- **RECORDS SUPPLIED**:
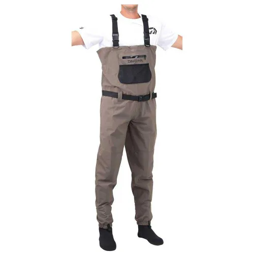 Disse brystvinger er lavet i et 3 lags åndbart materiale og er ultra behagelige til regelmæssige wading sessioner. Bygningen er blevet raffineret og forbedret over flere tests for optimal holdbarhed og tilpasningsevne til forskellige kropsformer. Den højkvalitets tilpasningsbare neopren sok kan prale af en integreret sål og de termisk forseglede sømme løber lodret langs hælen, så det lettere at sætte wading støvler på, samtidig med at man garanterer en stærk sammenføjning. Vaderne kan monteres ved hjælp af bæltet rundt om taljen såvel som klips skulderstropperne. Frontlommen har en vandtæt YKK lynlås og en ekstra ydre meshlomme.
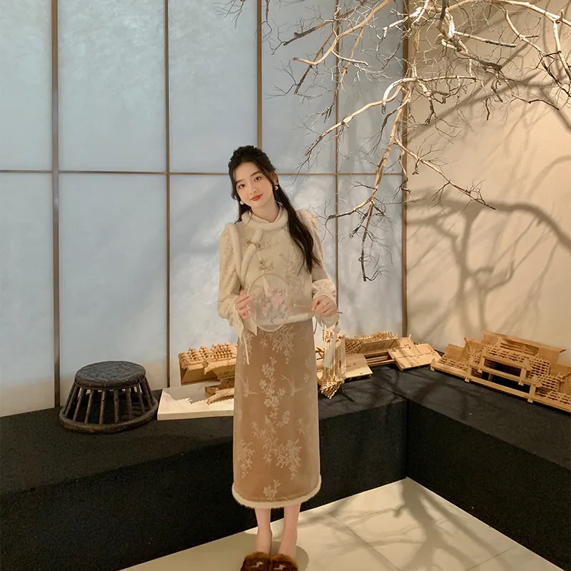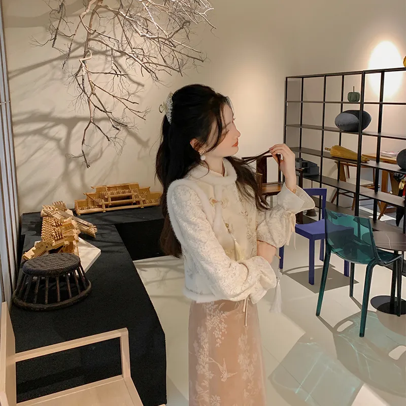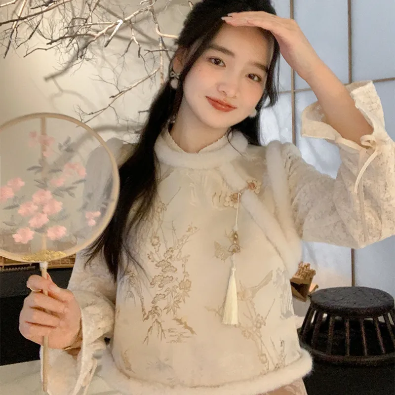 Miss Chipmunk Китайский стиль Осенний и Зимний Сатин Жаккард Жилет Женские
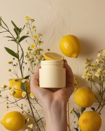 A hand holds a creamy jar with a lemon slice atop, surrounded by vibrant yellow lemons and delicate flowers, creating a refreshing and elegant aesthetic for skincare.
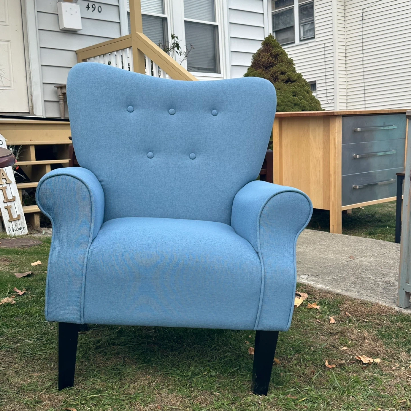 Selling a light blue armchair. It's in good condition and would be a great addition to any living room or bedroom
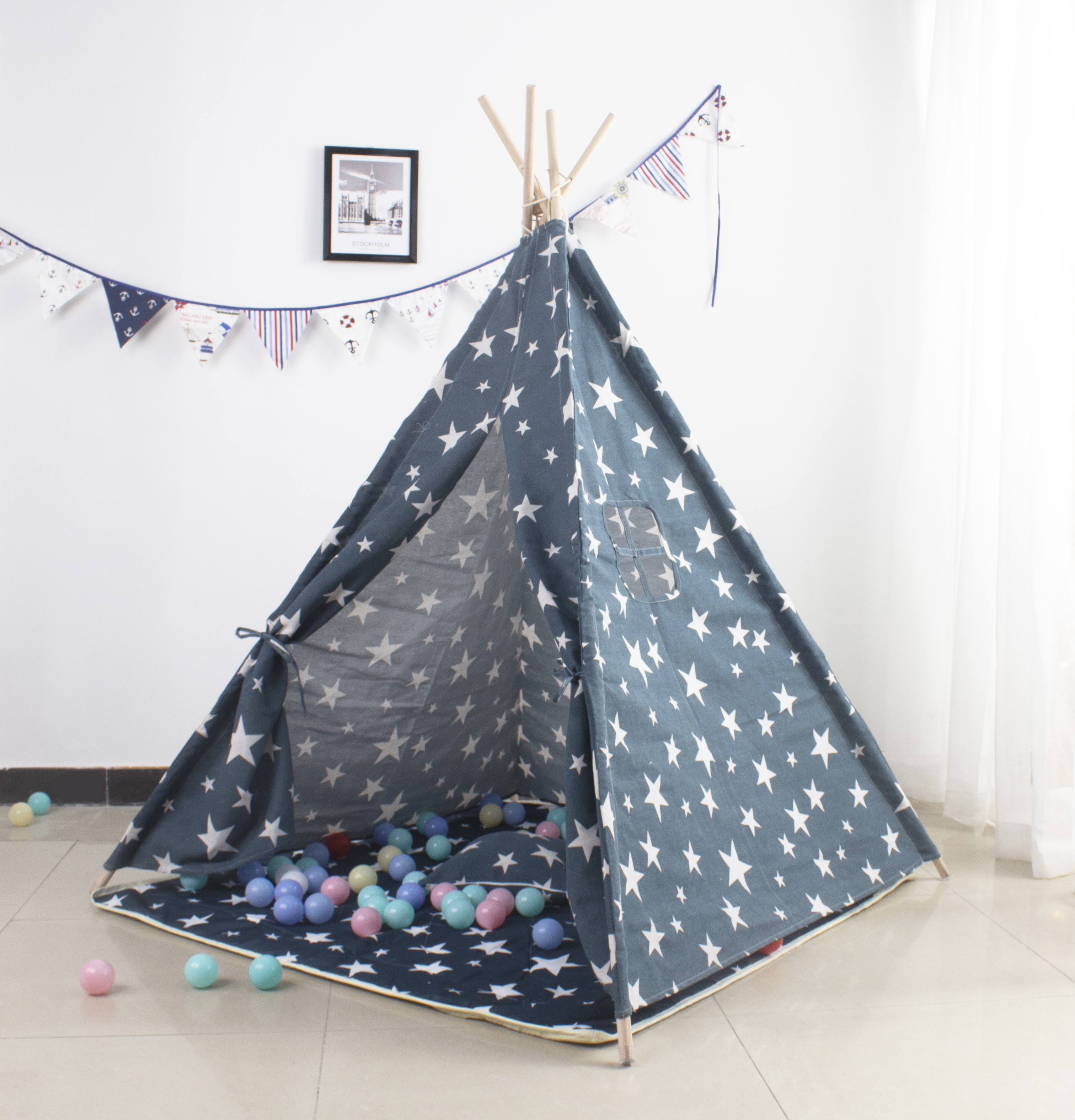 Aga4Kids Dětské Teepee Hvězdy Tmavě modrá
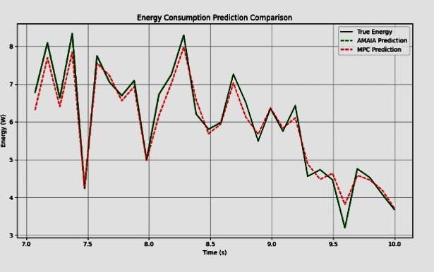 Результаты, показанные на рисунке 1, показывают явный разрыв в эффективности прогнозирования между двумя алгоритмами, особенно бросается в глаза поразительное совпадение траектории прогнозов AMAIA и черной линии, отображающей фактическое потребление энергии. Это точное соответствие указывает на исключительную способность AMAIA отслеживать динамические изменения в потреблении энергии и реагировать на них с высокой эффективностью. точность, отражающая глубокое понимание поведения встроенной системы в различных условиях эксплуатации, и наоборот, производительность алгоритма MPC демонстрирует заметное и систематическое отклонение от фактического уровня энергопотребления, этот недостаток в точности прогнозирования в первую очередь объясняется тем, что MPC полагается на заранее определенные и фиксированные математические модели, которым по своей природе не хватает гибкости и способности быстро адаптироваться к внезапным временным изменениям или неожиданные динамические условия эксплуатации, которые часто характерны для реальных сценариев вождения, приводят к тому, что MPC не может точно отразить сложности и мгновенные изменения в потреблении энергии.
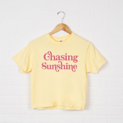 Product Name: Simply Sage Market Women's Retro Forever Chasing Sunsets Short Sleeve Relaxed Fit Cropped Graphic Tee - S - Butter
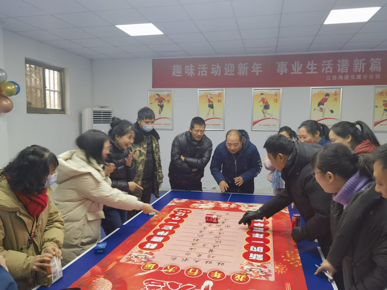 龙行龘龘,欣欣家国。伴随着冬日里最温暖的阳光怀揣着2023年满满的收获,江苏海建交建分公司工会组织了一场2024年“迎新春”职工趣味活动。本次活动共设置了三个项目,包括掼蛋、滚滚乐、以及球拍端乒乓球。
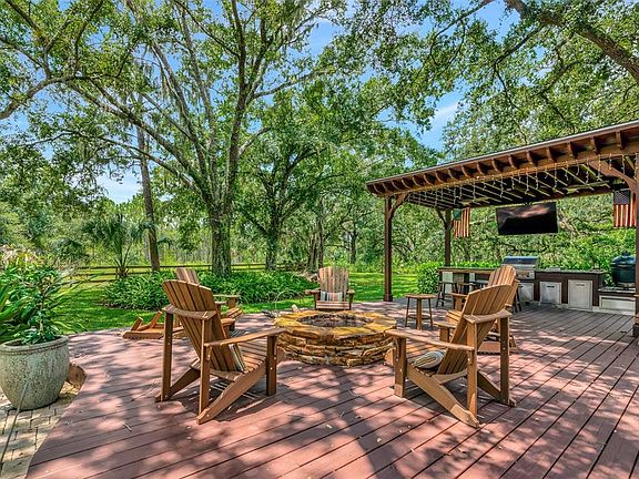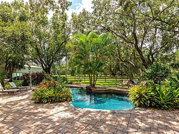 Rare 5 acre private estate with NO HOA or deed restrictons! An Equestrian Oasis Just Minutes from Lakewood Ranch! Saddle up for the perfect blend of horse country serenity, peaceful country living and suburban convenience. This one-of-a-kind 5-acre estate is the closest acreage property to Lakewood Ranch, offering the freedom, room, privacy without sacrificing access to top-tier shopping, dining, and entertainment. Tucked beneath a canopy of 100+ year-old grandfather oaks, this 4-bedroom, 3-bath home spans over 3,104 sq. ft and includes dual home offices (or a 5th bedroom)—ideal for multi-use living and remote work with room to roam. A private asphalt driveway leads you through lush, shaded pastures, setting the tone for the tranquil country setting that awaits. Inside, enjoy bamboo flooring downstairs and tile upstairs. The heart of the home a renovated 2020 kitchen features custom hardwood cabinets, granite countertops, and stainless steel appliances, perfect for hosting gatherings. Step outside into a true outdoor retreat, where a freeform pool, covered outdoor kitchen, paver patio, Sonos surround sound, lighting, and fire pit come together to create a dream space for both relaxation and celebration. Whether you envision an equestrian property, owning farm animals, building a workshop, storing equipment, or simply enjoying wide open space, this property provides the freedom and flexibility most neighborhoods can’t offer. Horse enthusiasts will be drawn to the 30’ x 30’ center-aisle barn with 4 stalls and tack room thoughtfully positioned for convenience and comfort. The rear of the property is fully fenced and includes a professional-grade round pen, lush grazing pastures, and oak-shaded paddocks that offer natural cooling and beauty. A scenic pond adds to the peaceful atmosphere, and there’s a separate RV/boat metal-framed structure with a metal roof that's ideal for horse trailers, RV or boat storage, or equipment. Schedule your private tour today!
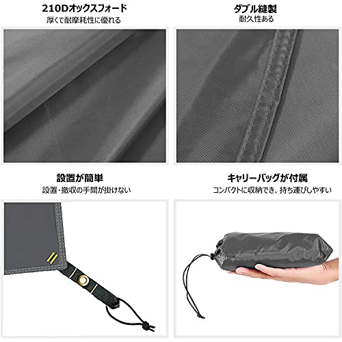 270*270cm/-/-・Color:270*270cm・厚手の210D生地テントシートは210Dポリエステルオックス素材を採用し、強度不足の心配必要がない、薄い素材のシートより耐久性があります。優れた耐摩耗性があり、長年の使用でも摩耗しにくく、耐久性も優れます。防水性と耐久性を兼ね備えたテントシートです。・両面防水加工テントシートに防水効果にすぐれたPUコーティングを施して、耐水圧3000mmになります。地面からの湿気や浸水をシャットアウトし、地面の水が滲み出すや濡れる心配がありません。・便利な固定穴テントシートに固定穴ついてます。ハトメも補強します。ペグで固定です。ハトメにショックコードも搭載し、取り付けは簡単です。ポールとガイロープあれば簡易タープとしても使うことが出来ます。・コンパクト&収納袋付き軽量でコンパクトに折り畳める為、ツーリングや登山にも最適です。収納袋付きで持ち運び便利です。用途に合わせて使い方もいろいろです。日除けの簡易タープとして利用出来ます。・仕様材質:210Dポリエステルオックス;耐水圧:3000mm;グラン
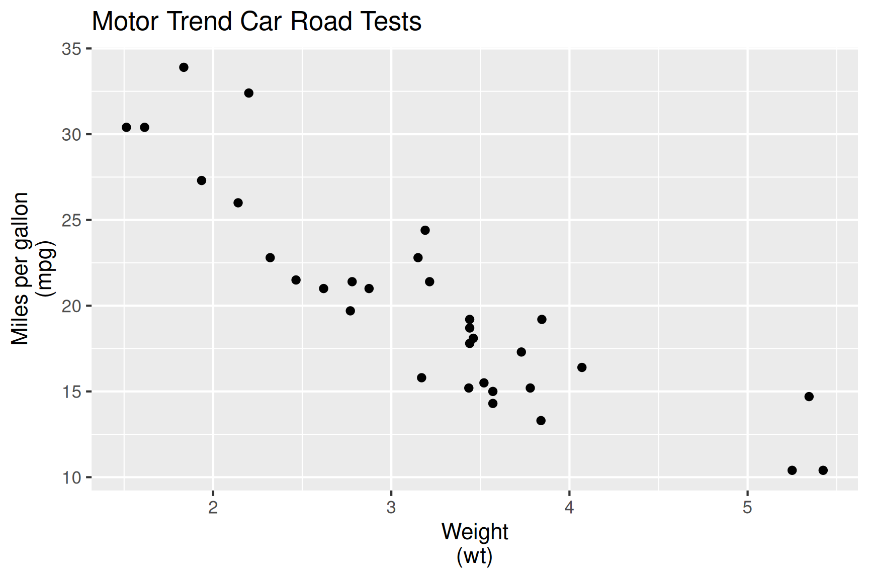 \[\texttt{mpg}_i = \beta_0 + \beta_1\texttt{wt}_i + e_i\]
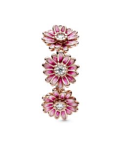 Bring flower power to your style with this flower crown-inspired Pink Daisy Flower Trio Ring. The daisy band ring is finished in Pandora Rose. 14k rose gold-plated unique metal blend and features three enamel flowers with cubic zirconia in the centre. The hand-painted finish brings the vibrant petals to life with delicate shading. Inspired by the daisy. a flower which blooms in adversity and represents freedom. the ring serves as a stylish reminder to stay true to who you are.
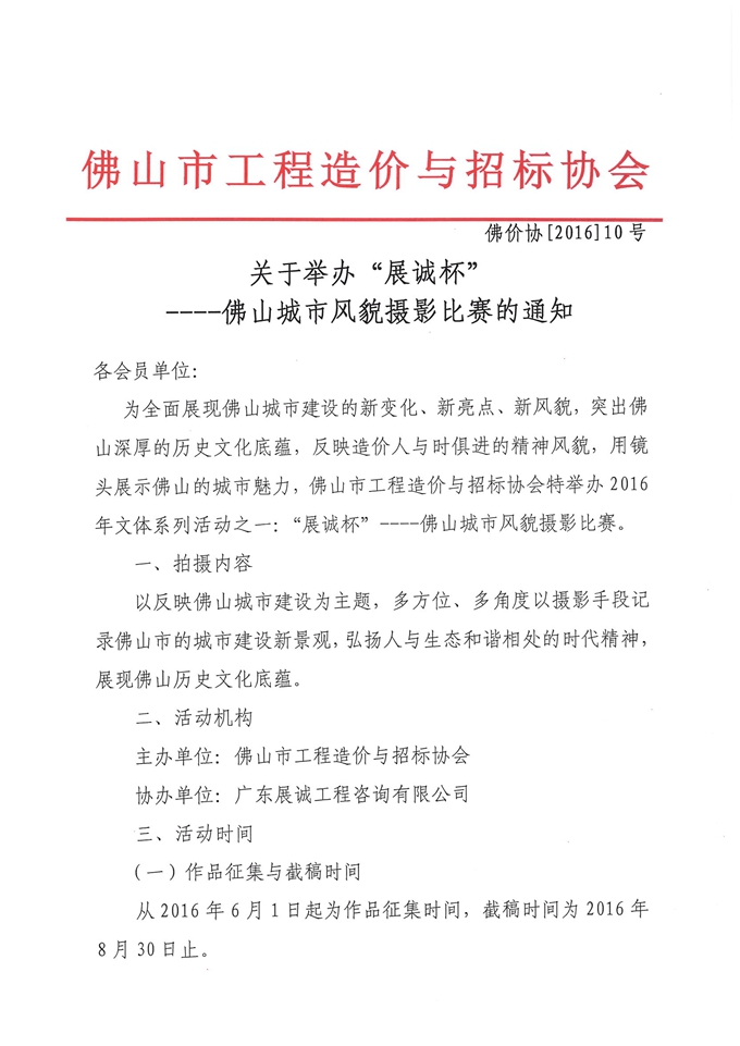 關(guān)于舉辦“展誠杯”佛山城市風(fēng)貌攝影比賽的通知
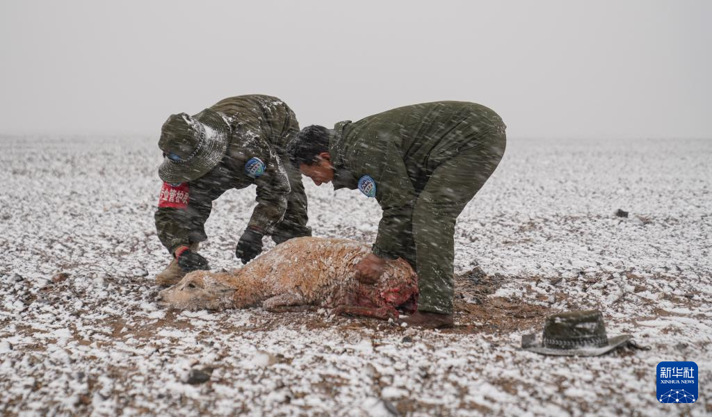 6月14日,西藏那曲市尼瑪縣境內(nèi)的羌塘國(guó)家級(jí)自然保護(hù)區(qū)“無(wú)人區(qū)”深處,在野生動(dòng)物專業(yè)管護(hù)隊(duì)臨時(shí)宿營(yíng)地附近,一只在藏羚羊遷徙路上等候已久的野狼撲向遷徙的藏羚羊群中一只懷孕的母羊,咬向肚子和脖子。激烈掙扎的藏羚羊掙脫后,靠著最后的一點(diǎn)力氣跑向野保隊(duì)營(yíng)地,野狼不敢靠近營(yíng)地而不得不離去。野保隊(duì)員看到在風(fēng)雪中掙扎的母羊,把它運(yùn)回營(yíng)地進(jìn)行救助。但由于傷勢(shì)太重,肚皮被咬開(kāi)且內(nèi)臟嚴(yán)重受損,野保隊(duì)員只能將母羊的肚皮縫上之后,按照慣例將受傷的母羊抬放在羌塘大草原。
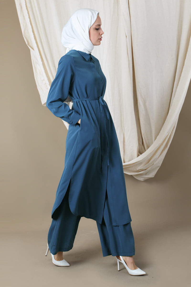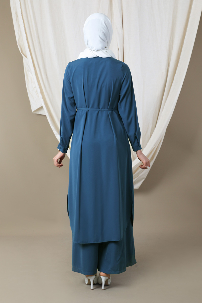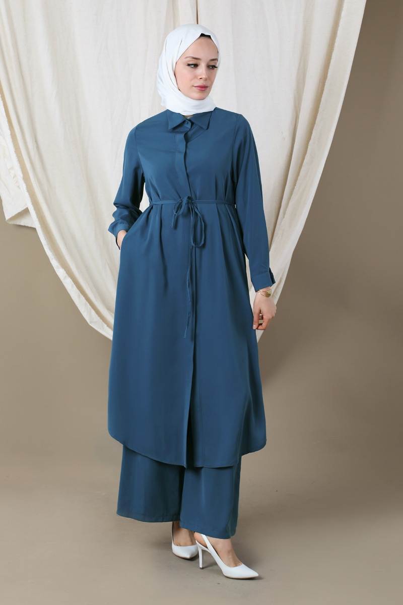 Medine İpeği Tunik Takım Lacivert. Gizli düğmelidir. Yandan ceplidir. Yandan yırtmaç detaylıdır. Manşeti düğmelidir. Pantolon beli lastiklidir. Yandan ceplidir. Beli ince biyelidir. Günlük kullanım ve özel günlerinizde tercih edebilirsiniz.
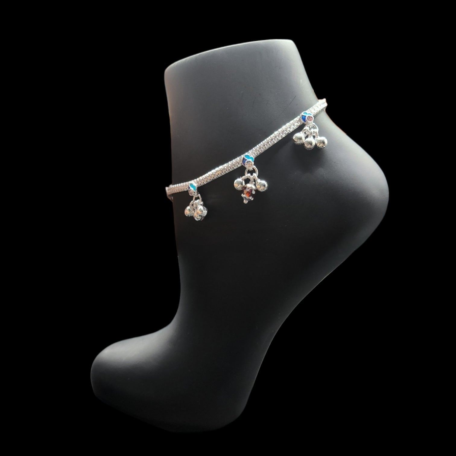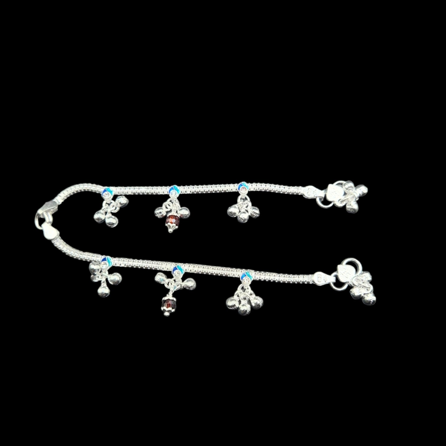 Beautifully crafted silver Anklets with Ghungrlaroo running across the anklet.Cute pair of ethnic anklets will make a great accessory for your little girl.

- **YOUR GOAL**: In the listing above, find the line with "Selling a light" and the line with "Aga4Kids Dětské Teepee Hvězdy Tmavě modrá". Copy exactly those lines and all between them, minus the images.

- **SOLUTION FOR THIS PROBLEM**:
 Selling a light blue armchair. It's in good condition and would be a great addition to any living room or bedroom
 Aga4Kids Dětské Teepee Hvězdy Tmavě modrá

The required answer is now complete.